Genetic Testing Applications
Apart from the above types based on what biological object are analyzed, there is another differentiation of the genetic testing types, based on their objectives, like:
- Predictive testing: Predictive (or presymptomatic) genetic testing is used to identify mutations in genes associated with disorders that might appear late after birth. These tests are highly recommended in case that the person does not show any features of the disorder, but have a family member with the genetic disorder. This type of genetic testing can identify genetic alterations that increase the chances of developing of specific disorders like certain types of cancer. Predictive testing can identify person will a genetic disorder, before any symptoms of the disorder to appear – an example is the testing for hemochromatosis, which is an iron overload disorder.
- Diagnostic testing – this type of genetic identify specific genetic (or chromosomal) condition. Sometimes it is required to confirm a diagnosis which was assigned based on particular symptoms and then the diagnostic testing comes in place. This type of testing can be performed at any time, when it is necessary, during a person’s life. However, currently there are no diagnostic tests for all genes and genetic conditions.

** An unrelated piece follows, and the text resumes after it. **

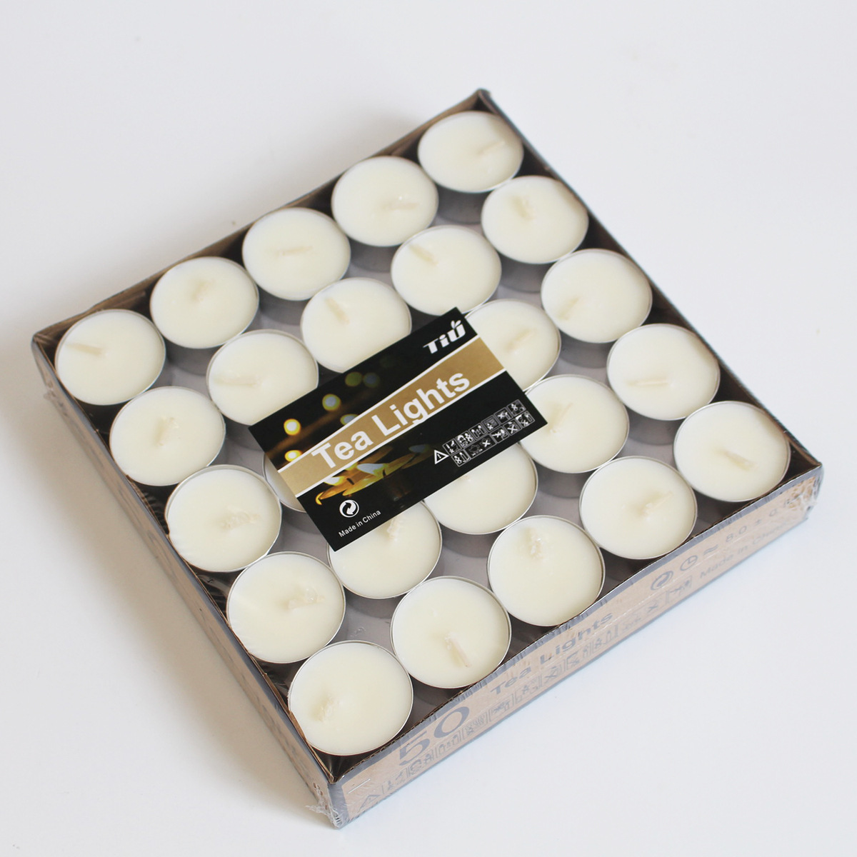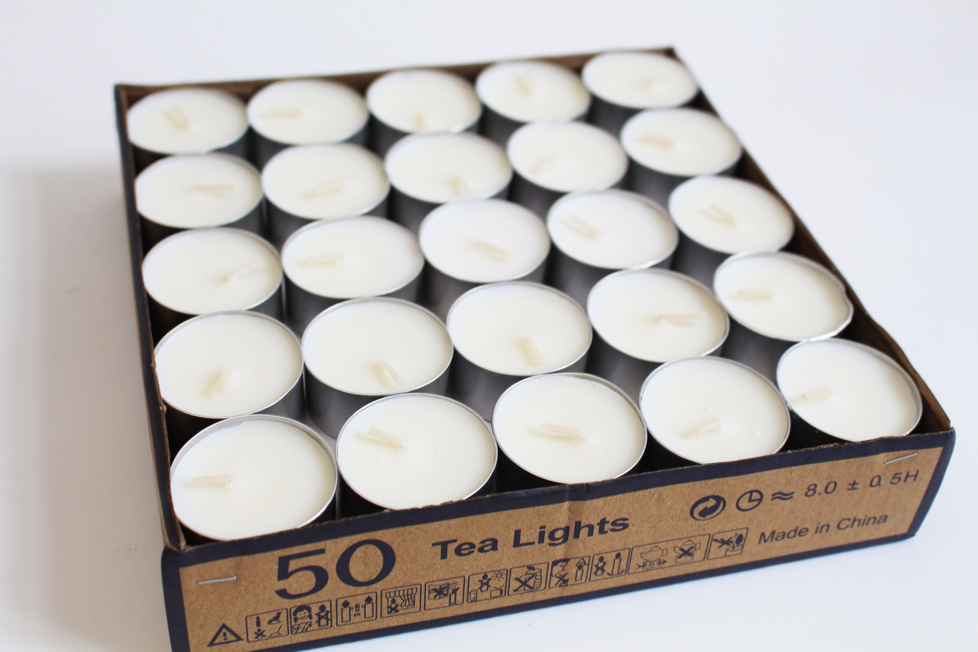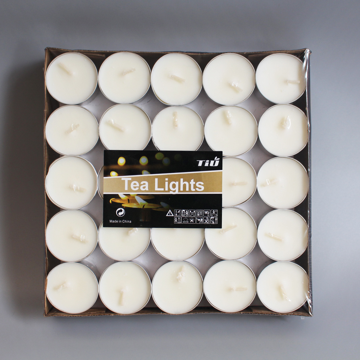 Velas de prevención de desastres de emergencia de quema duradera de 8 horas de cera de té hervida hotel de té 50 piezas de vela de té de aluminio redondo
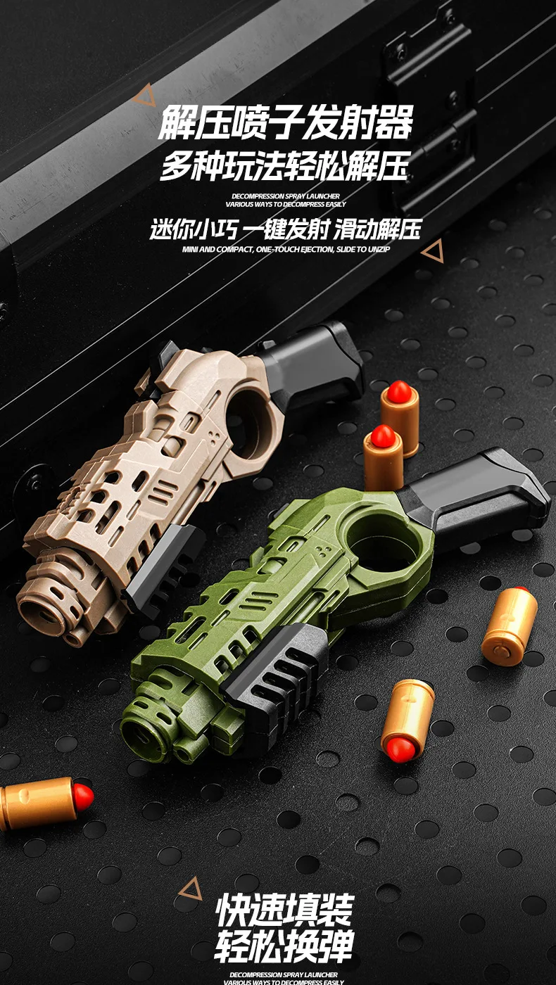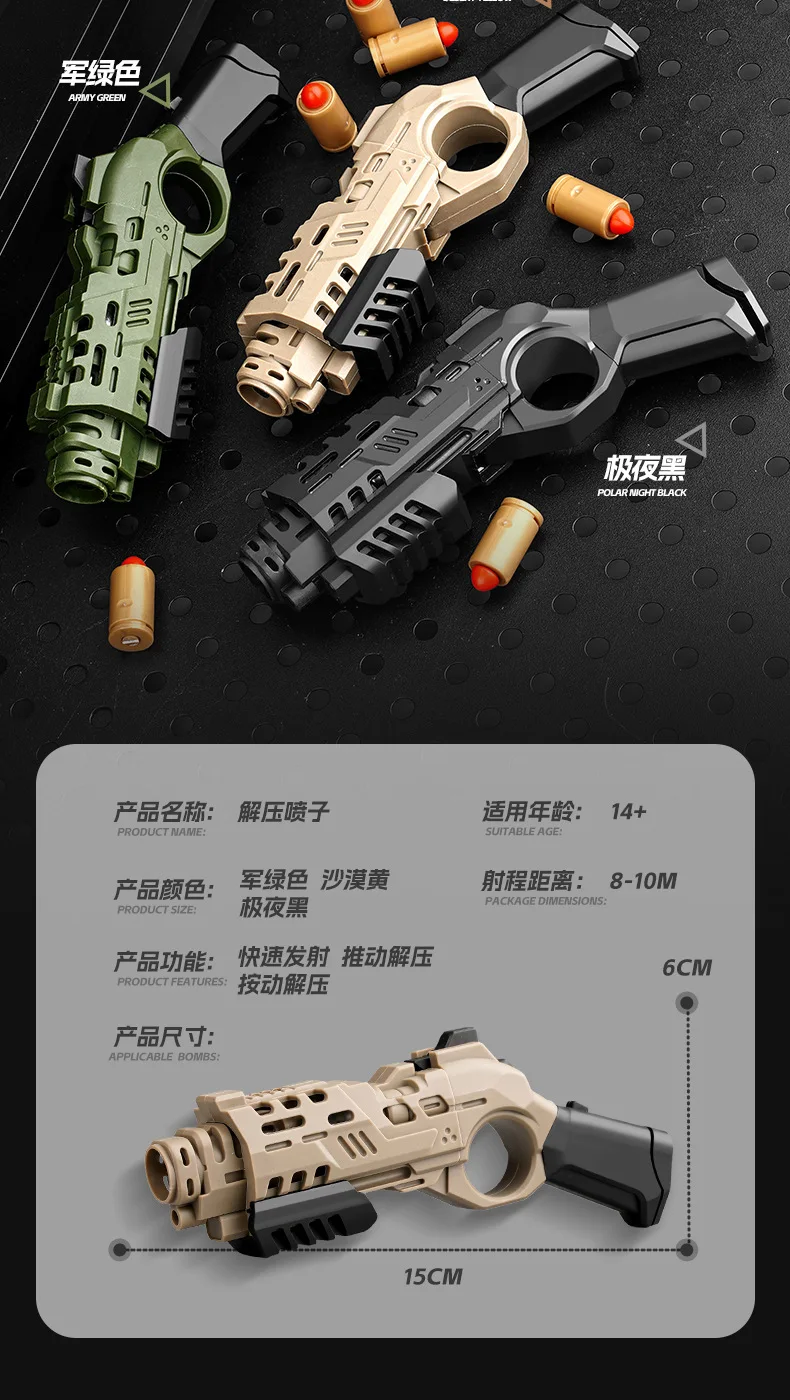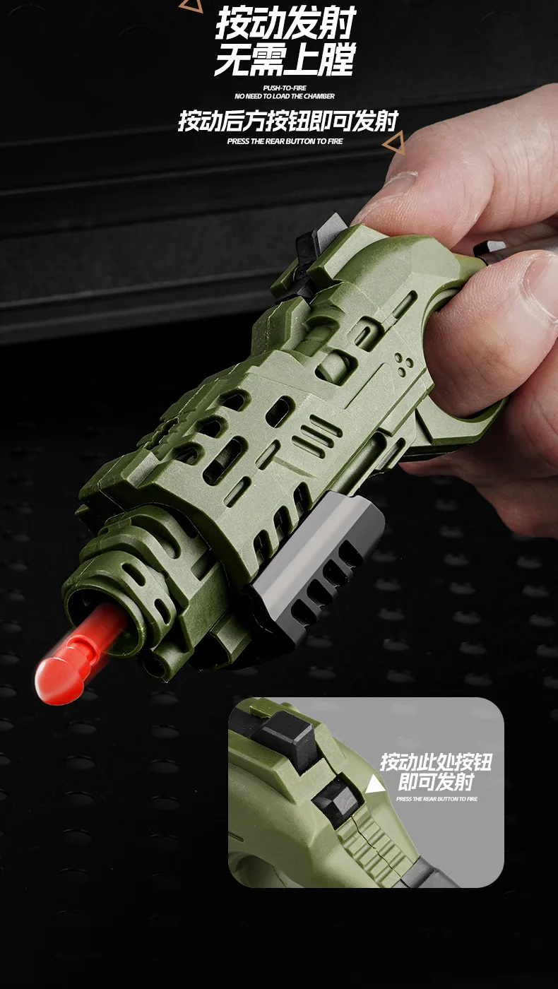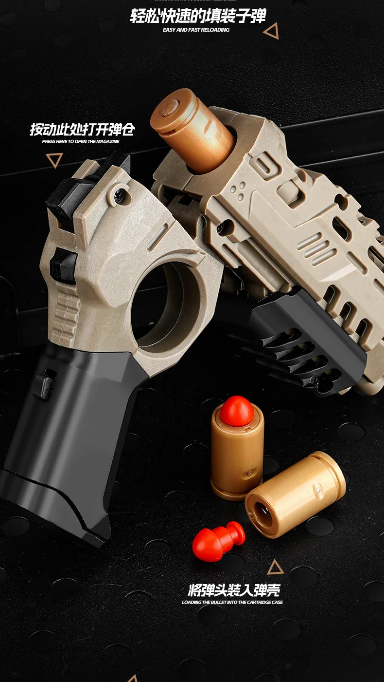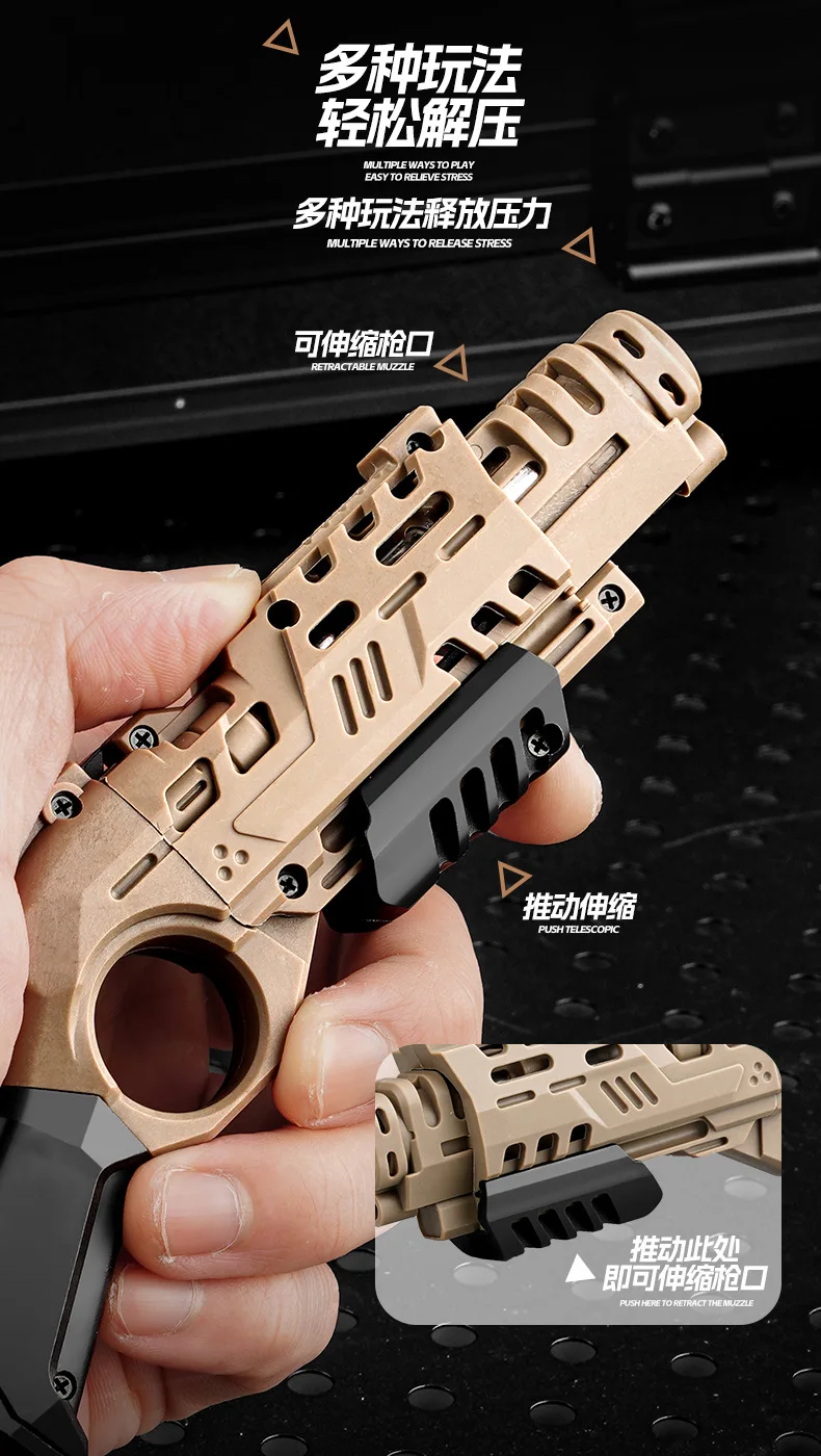 EDC Shootable Toy Pistol with 1-Button Shell Ejection and Card Pushing Function, Black Technology Mini Handgun for Stress Relief

- Prenatal diagnosis is used to identify gene or chromosome changes in a fetus. Prenatal diagnose is almost mandatory for couples with an elevated risk of having offspring with a genetic disorder, cause by gene mutation or chromosomal aberration. Prenatal testing lessen parents uncertainty and help them decide to abort or not the pregnancy in an early embryonic phase. Unfortunately, the current prenatal diagnostic tests cannot identify all possible birth defects and inherited disorders.
- Newborn screening is applied right after birth and aims to identify genetic disorders, which might be possible to be treated early in life. Nowadays, the newborn screening is a routine testing for all infants in some countries – in USA all new borne babies are tested for certain disorders like phenylketonuria ( if left untreated, cause mental illness) and congenital hypothyroidism (thyroid gland malfunctioning).
- Parental (and genealogy) testing: This type of genetic testing identifies specific regions of DNA (called genetic markers or DNA markers), which are used to identify related individuals, based on the same or similar inheritance patterns of the genetic markers. Each of these markers can be traced back to the parental lines, because we all inherit half of our genetic material from the father, and half from the mother. Thus, based on the lineage of marker, the geneticists can draw the conclusion of relatedness between individuals and further to determine ancestry or ethnic heritage for genealogy reconstruction.
- Forensic testing uses genetic material in order to identify an individual for legal purposes.The aim of the forensic genetic testing is not to detect gene mutations related with disease, but to identify uniquely an individual – a crime or catastrophe victims or a crime suspect.
Genetic testing has both benefits as well as some limitations and possible risks. Before making any the decision it is highly recommended to meet with geneticist or genetic counselor who can explain you in details what is genetic testing and can provide you with expert opinion about the pros and cons of these procedures.